There has been a universal and ever increasing emphasis placed on the analysis of scientific data, guided inquiry through learning activities and preparing students by extending their knowledge for synoptic examination questions.

One major problem facing science teachers has been finding good data sets to support all of these new initiatives and one survey in America suggested that over 50% of teachers found it really difficult to find such sets. Also many of the examples often used within present education fail to represent recent advances in research especially in the field.

There is now a wonderful new science resource known as WRL (the Wallace Resource Library) that is being made available to help science teachers and it can provide novel data sets for the classroom. Uniquely, these data sets have all been processed and produced by the actual scientists involved in the research.

“The struggle for wealth…ha[s] been accompanied by a reckless destruction of the stored-up products of nature, which is even more deplorable because more irretrievable. Not only have forest-growths of many hundreds of years been cleared away, often with disastrous consequences, but the whole of the mineral treasures of the earth’s surface, the slow products of long-past eons of time and geological change, have been and are still being exhausted, to an extent never before approached, and probably not equalled in amount during the whole preceding period of human history.” (From Alfred Russel Wallace’s 1898 book The Wonderful Century; Its Successes and Its Failures)

A growing resource

The Weston Foundation has provided the initial funding which has allowed Operation Wallacea to develop this new resource. It will become available this autumn and will be added to on a regular basis and build up into a significant ‘long-term’ resource for education.

WRL is being organized under a series of modular topic headings such as Animal Behaviour, Ecosystems (Coral reefs), Ecological Survey Techniques and many others which are especially relevant to teaching Ecology and Conservation.

These data sets all originate directly from Operation Wallacea research sites around the world (11 different countries) and in each country there is a long-term agreement that has been signed with the partner organisation to achieve a survey and management development programme. Over the past decade there has been a vast amount of very important scientific data produced and this is now being made available to schools around the world.

The diversity of organisms and habits involved is very wide ranging from butterflies being studied in the wadis of Egypt, cleaner fish behaviour on Indonesian coral reefs and elephant impact studies in Africa.

Each resource has been organised so that it can be used almost immediately by a teacher and it will appeal to all 16-18 year old science students but also stretch the most able. The examples provided will almost certainly be novel and exciting and should provide a real catalyst for learning and being enthusiastic about ‘your subject’. Each resource will also have backup material such as photographs, video clips, glossary of terms, curriculum links and eventually examples used by other teachers in their schemes of work; a list of keywords will make it easy to find material and link with other areas of the curriculum.

Data sets

The data sets all originate directly from Operation Wallacea research sites around the world in 11 different countries

One of the first data sets produced will be part of the Ecosystems Coral Reef module and it looks at a ‘real life’ research project into ‘the effect of light on the morphology of the great star coral found in the Caribbean’. The data has been collected and processed by the actual scientist involved and poses two key research questions for students to study. Students get involved in the analysis of a series of photographs and there is a detailed ‘walk through’ on how to analyse the data and make valid conclusions.

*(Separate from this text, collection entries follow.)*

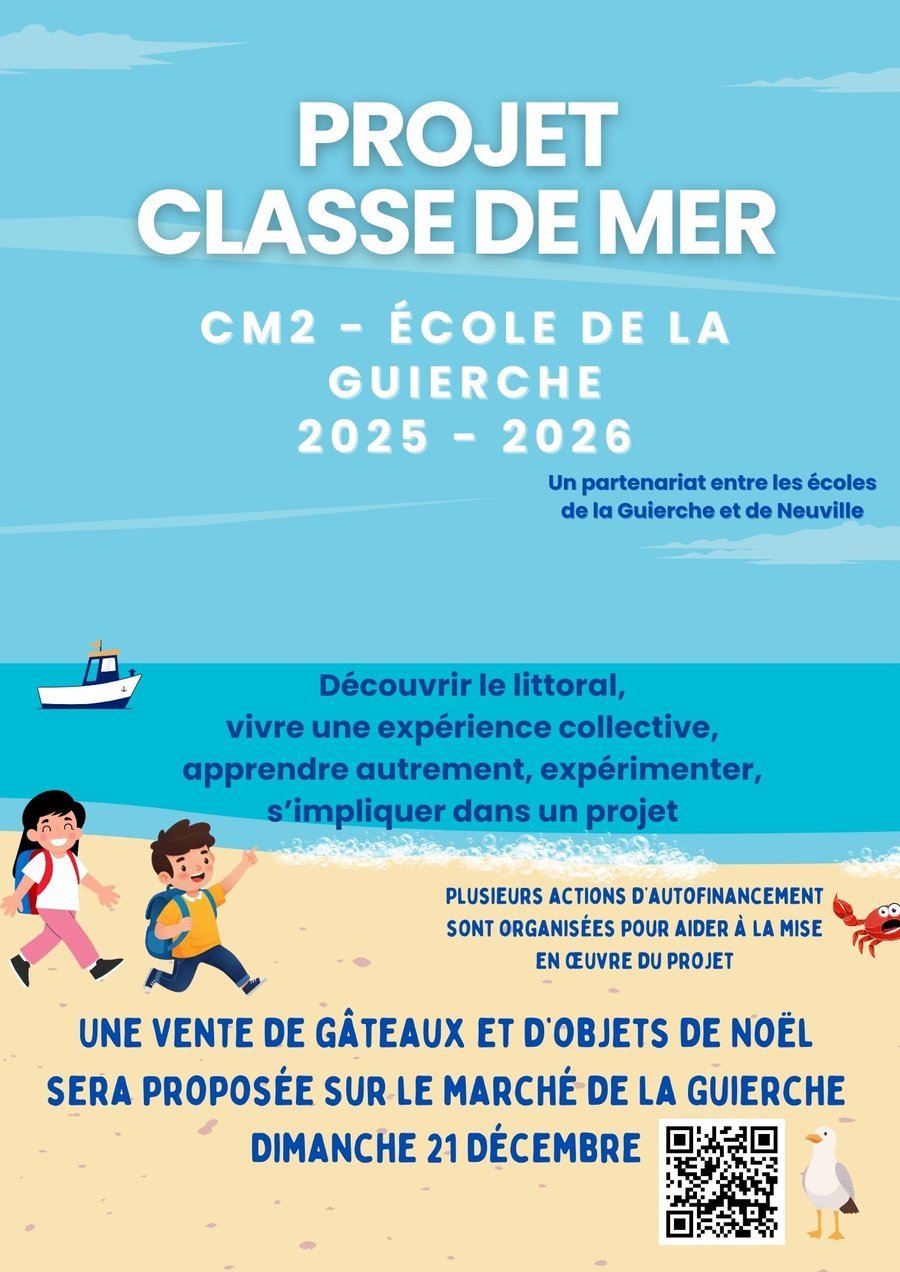 "Les enfants de CM2 de l'école de la Guierche organisent un projet de classe mer, accompagnés par leurs institutrices et dans le contexte d'un partenariat avec l'école de Neuville. Des actions d'autofinancement sont organisées pour aider à la mise en œuvre du projet. Rendez-vous au marché de la Guierche, ce dimanche 21 décembre pour acheter gâteaux et objets de Noël."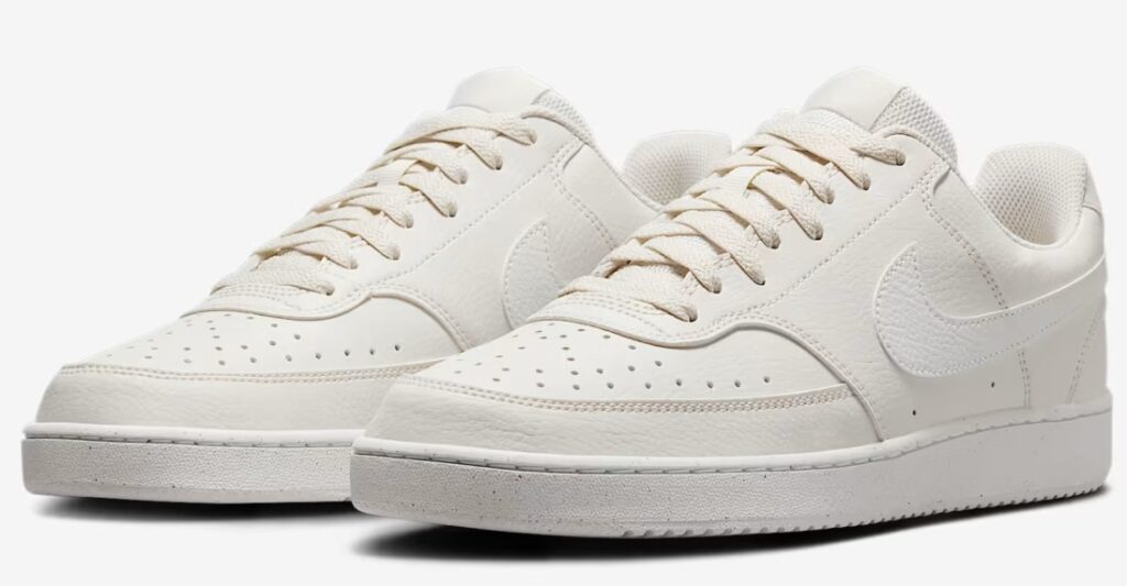 This is that “goes with anything” sneaker. All white, clean, and endlessly wearable. The retro swoosh and pebbled upper bring heritage charm, and the fact that it’s made using recycled materials is a bonus. Wear it with jeans, shorts, or even formal trousers yes, they handle it like a pro.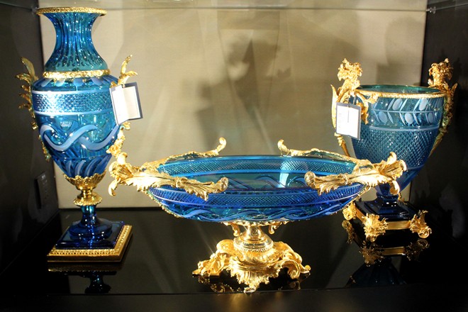 Ngoài 2 chiếc bàn nói trên, cửa hàng cũng chào bán nhiều đồ nội thất pha lê có giá trị cao. Trong ảnh là chiếc cúp pha lê khảm vàng có giá 310 triệu đồng. |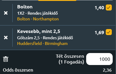 - Huddersfield Town - Birmingham City: A közelmúltban mindkét csapat leginkább alacsony gólszámú találkozókat játszott, és erősségeik inkább a védekezésben rejlenek. A Bolton legutóbbi mérkőzésén például egyetlen Aaron Collins-góllal tudott nyerni Huddersfield ellen és a védelmük remekelt! A Northampton szintén defenzív játékot játszik Kevin Nolan irányítása alatt, amit a Wycombe elleni 0-0-s döntetlen is jól mutat, ahol hatékonyan korlátozták az ellenfél helyzetkialakításait. A vendégek védelme erős, de támadójátéka különösen gyenge, hiszen ők a liga legkevesebb gólt szerző csapata, és kilenc mérkőzés óta nem szereztek egynél több találatot. Mindezek alapján egy alacsony gólszámú, taktikai küzdelem várható.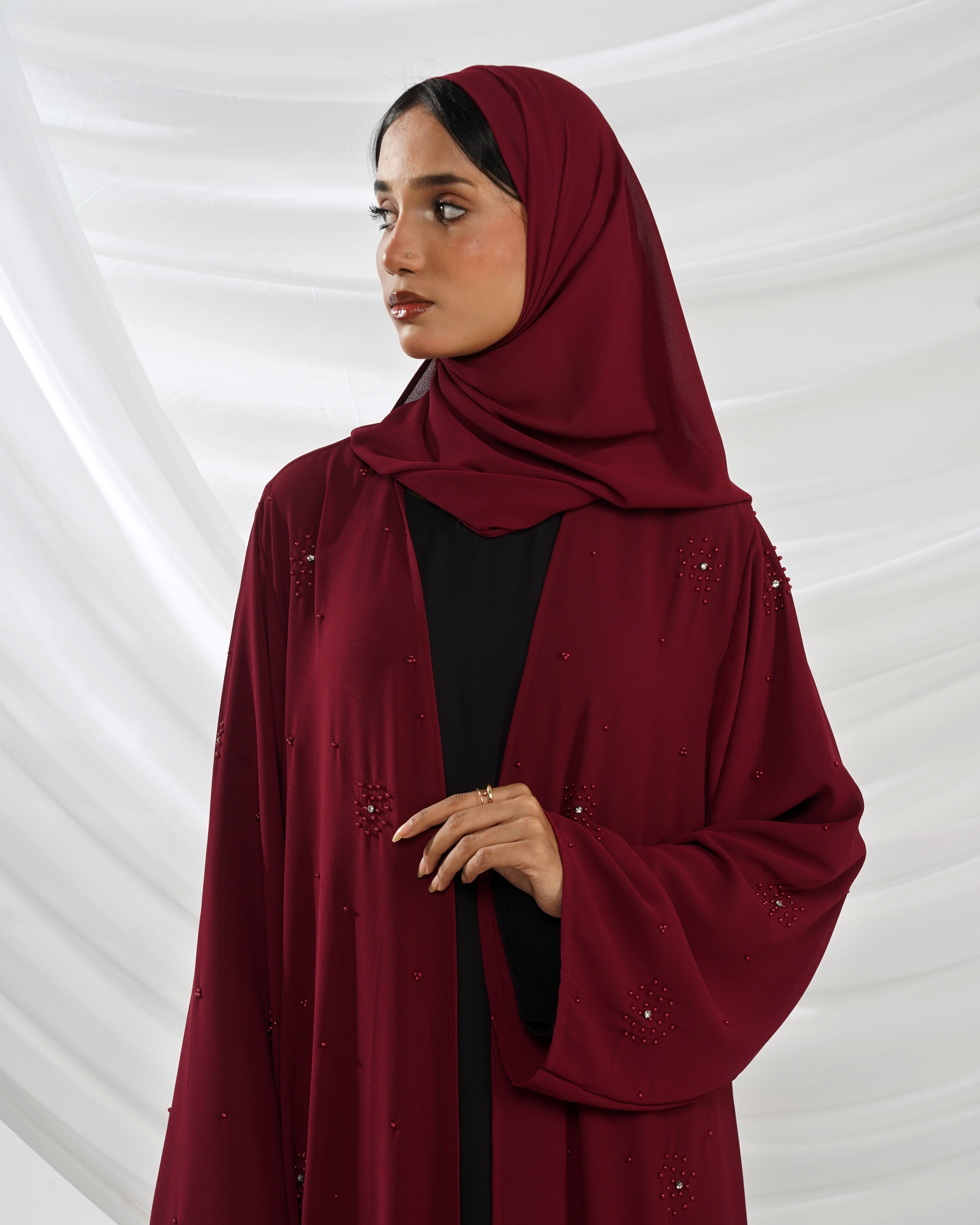 Elara Luxe Abaya - Maroon

Other examples that will form part of the initial data sets are:

Animal Behaviour: calculating elephant hierarchies; impact of intertidal height on the feeding rates of fiddler crabs; time budgets of Mantled Howler Monkeys; effect of water quality on cleaner fish time budgets; and crop raiding behaviour of macaques.

Ecological Assessment Techniques: mark release recapture of Hog Island Boas; analysis of bird point count data from a cloud forest; comparison of point count, transect and mist net data for assessing bird communities in lowland forests; camera trap data for estimating large mammal populations; and transect count versus helicopter surveys for large herbivores.

Coral Reef Ecosystems: comparison of fish communities on Indo-Pacific, Indian Ocean and Caribbean reefs; assessing coral cover from video transects; how light affects coral morphology; physiological adaptations of fish living in rock pools; and whether anemonefish vocalization is species specific.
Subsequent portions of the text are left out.